The Center for Law and Religion is pleased to co-sponsor a symposium on Professor Nelson Tebbe’s forthcoming book, Religious Freedom in an Egalitarian Age, here at St. John’s Law School next month. The symposium is also sponsored by the Journal of Civil Rights and Economic Development and the Ronald H. Brown Center for Civil Rights. In addition to the author, participants include Carlos Ball (Rutgers-Newark), Alan Brownstein (UC-Davis), Chad Flanders (St. Louis), Andrew Koppelman (Northwestern), and Patricia Marino (Waterloo). For more information, please click here.
The Lumen Christi Institute has announced a reception for and discussion of Kenneth Woodward’s newly released book, “Getting Religion: Faith, Culture, & Politics from the Age of Eisenhower to the Era of Obama,” to take place on September 27th, at the University Club of Chicago. More information follows below:
Impeccably researched, thought-challenging and leavened by wit, Getting Religion (Convergent Books), the highly-anticipated new book from Kenneth L. Woodward, is perfect for readers looking to understand how religion came to be a contentious element in 21st century public life.
Here the award-winning author blends memoir (especially of the postwar era) with copious reporting and shrewd historical analysis to tell the story of how American religion, culture and politics influenced each other in the second half of the 20th century. For readers interested in how religion, economics, family life and politics influence each other, Woodward introduces a fresh vocabulary of terms such as “embedded religion,” “movement religion” and “entrepreneurial religion” to illuminate the interweaving of the secular and sacred in American public life.
This is one of those rare books that changes the way Americans think about belief, behavior and belonging.
Find out more about the event here.
In October, the Oxford University Press will release “Buddhist Extremists and Muslim Minorities: Religious Conflict in Contemporary Sri Lanka,” edited by John Clifford Holt (Bowdoin College). The publisher’s description follows:
The year 2009 brought the end of the protracted civil war in Sri Lanka, and observers hoped to see the re-establishment of harmonious religious and ethnic relations among the various communities in the country. Immediately following the war’s end, however, almost 300,000 Tamil people in the Northern Province were detained for up to a year’s time in hurriedly constructed camps where they were closely scrutinized by military investigators to determine whether they might pose a threat to the country. While almost all had been released and resettled by 2011, the current government has not introduced, nor even seriously entertained, any significant measures of power devolution that might create meaningful degrees of autonomy in the regions that remain dominated by Tamil peoples. The Sri Lankan government has grown increasingly autocratic, attempting to assert its control over the local media and non-governmental organizations while at the same time reorienting its foreign policy away from the US, UK, EU, and Japan, to an orbit that now includes China, Burma, Russia and Iran. At the same time, hardline right-wing groups of Sinhala Buddhists have propagated-arguably with the government’s tacit approval-the idea of an international conspiracy designed to destabilize Sri Lanka. The local targets of these extremist groups, the so-called fronts of this alleged conspiracy, have been identified as Christians and Muslims. Many Christian churches have suffered numerous attacks at the hands of Buddhist extremists, but the Muslim community has borne the brunt of the suffering.

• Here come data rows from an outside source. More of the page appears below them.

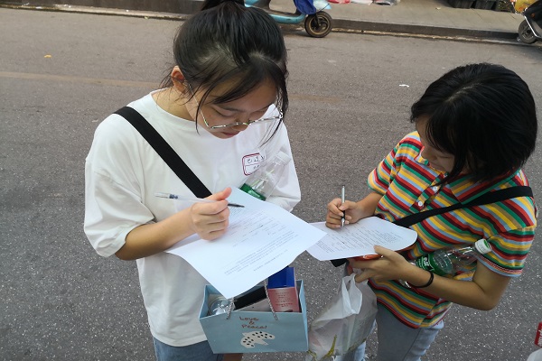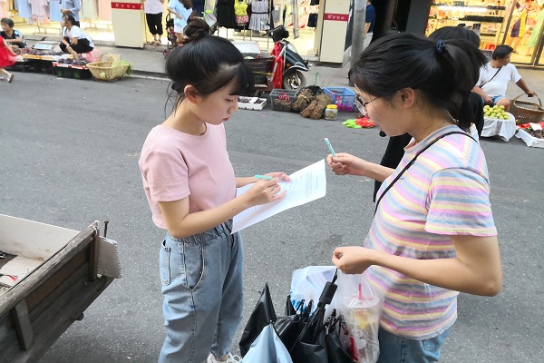 实践团分为三组着“垃圾分类”“网络依赖性”“大众刷短视频”“校园冷暴力”“中小学生补课现状”五个不同的主题外出调研。调研形式主要以发放问卷为主,调研地点则由于各小组调查问卷的主题有差异,因此所选地点各不相同,多集中于商场与书店。
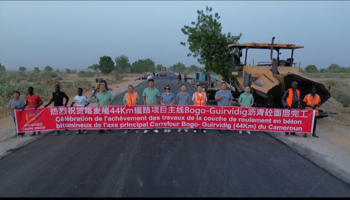 De Bogo à Guirvidig dans la région de l’Extrême-nord, on roule sur du béton. L’asphalte de couloir quasi noire recouvre les 32,86 km de cet itinéraire principal du projet, concrétisant ainsi, les promesses de connectivité, de développement et d’essor économique de cette zone. Les équipes de l’entreprise CGCOG, en charge des travaux étaient particulièrement satisfaites du travail réalisé ce 11 avril 2026 et surtout focalisées vers l’achèvement total du projet.
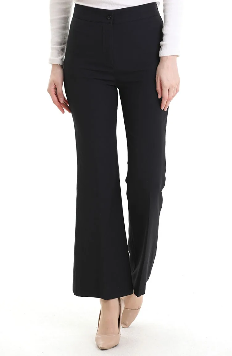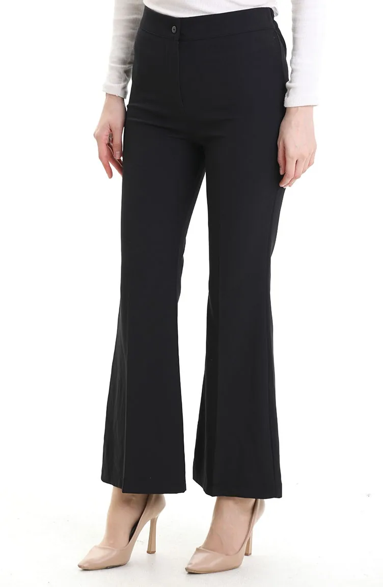 Elastic Waist Bell-bottomed Trousers 4005-01 Black 4005-01
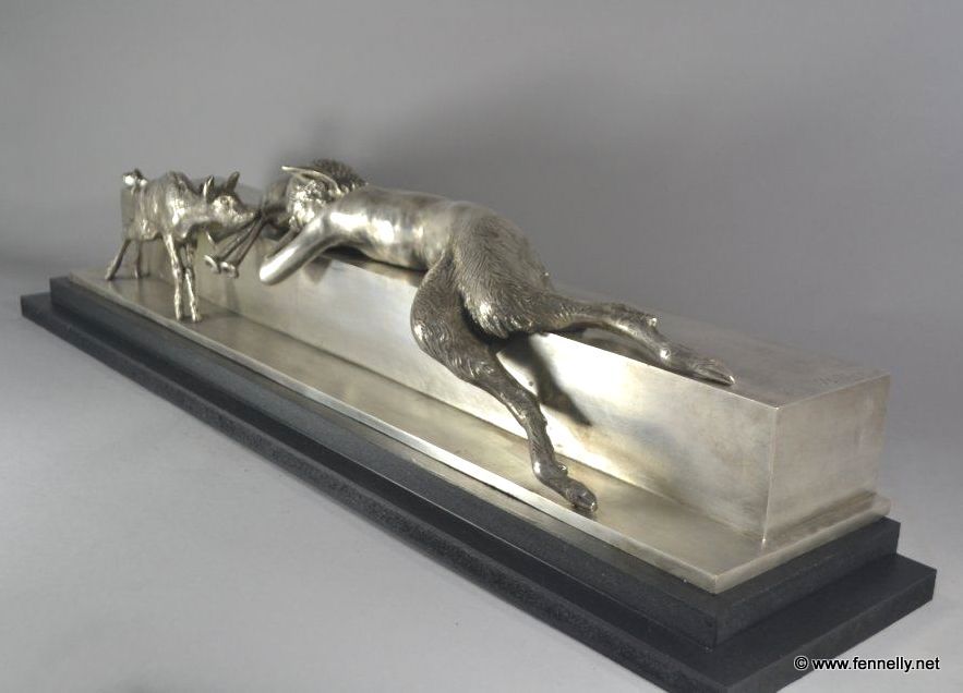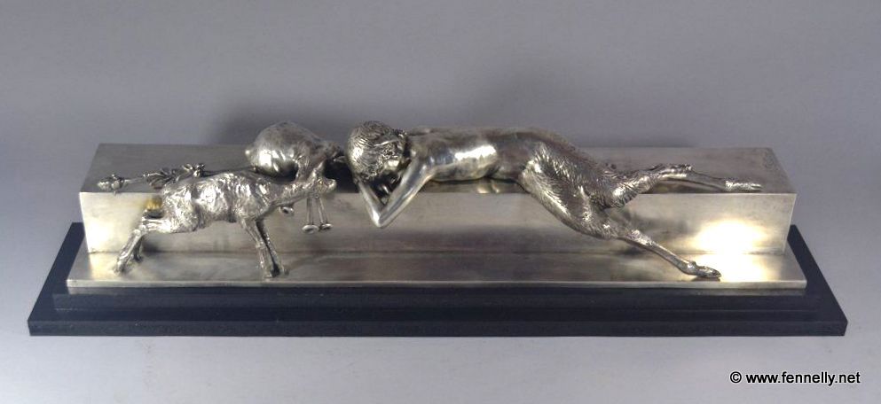 Silver Plated Bronze and incised ‘Ary Bitter’, on a more recent pupose made base. This is a truly magnificant Bronze, very rare and superbly cast. This bronze has resided in The South of France for many decades and will be soon in the front window of my gallery at 60 Francis Street where it will draw many admiring glances from all passing by. I was fortunate to locate it as there are not too many of these in the World.

Buddhist Extremists and Muslim Minorities presents a collection of essays that investigate the history and current conditions of Buddhist-Muslim relations in Sri Lanka in an attempt to ascertain the causes of the present conflict. Readers unfamiliar with this story will be surprised to learn that it inverts common stereotypes of the two religious groups. In this context, certain groups of Buddhists, generally regarded as peace-oriented , are engaged in victimizing Muslims, who are increasingly regarded as militant , in unwarranted and irreligious ways. The essays reveal that the motivations for these attacks often stem from deep-seated economic disparity, but the contributors also argue that elements of religious culture have served as catalysts for the explosive violence. This is a much-needed, timely commentary that can potentially shift the standard narrative on Muslims and religious violence.
In September, Routledge will release Leaving Christian Fundamentalism and the Reconstruction of Identity by Josie McSkimming (University of New South Wales). The publisher’s description follows:
There is an increasing interest in the influence of religious fundamentalism upon people’s motivation, identity and decision-making. Leaving Christian Fundamentalism and the Re-construction of Identity details the stories of those who have left Christian fundamentalist churches and how they change after they have left. It considers how the previous fundamentalist identity is shaped by aspects of church teaching and discipline that are less authoritarian and coercive, and more subtle and widely spread throughout the church body. That is, individuals are understood as not only subject to a form of judgment, but also exercise it, with everyone seemingly complicit in maintaining the stability of the church organization. This book provocatively illustrates that the reasons for leaving an evangelical Christian church may be less about what happens outside the church in terms of the lures and attractions of the secular world, and more about the experience within the community itself.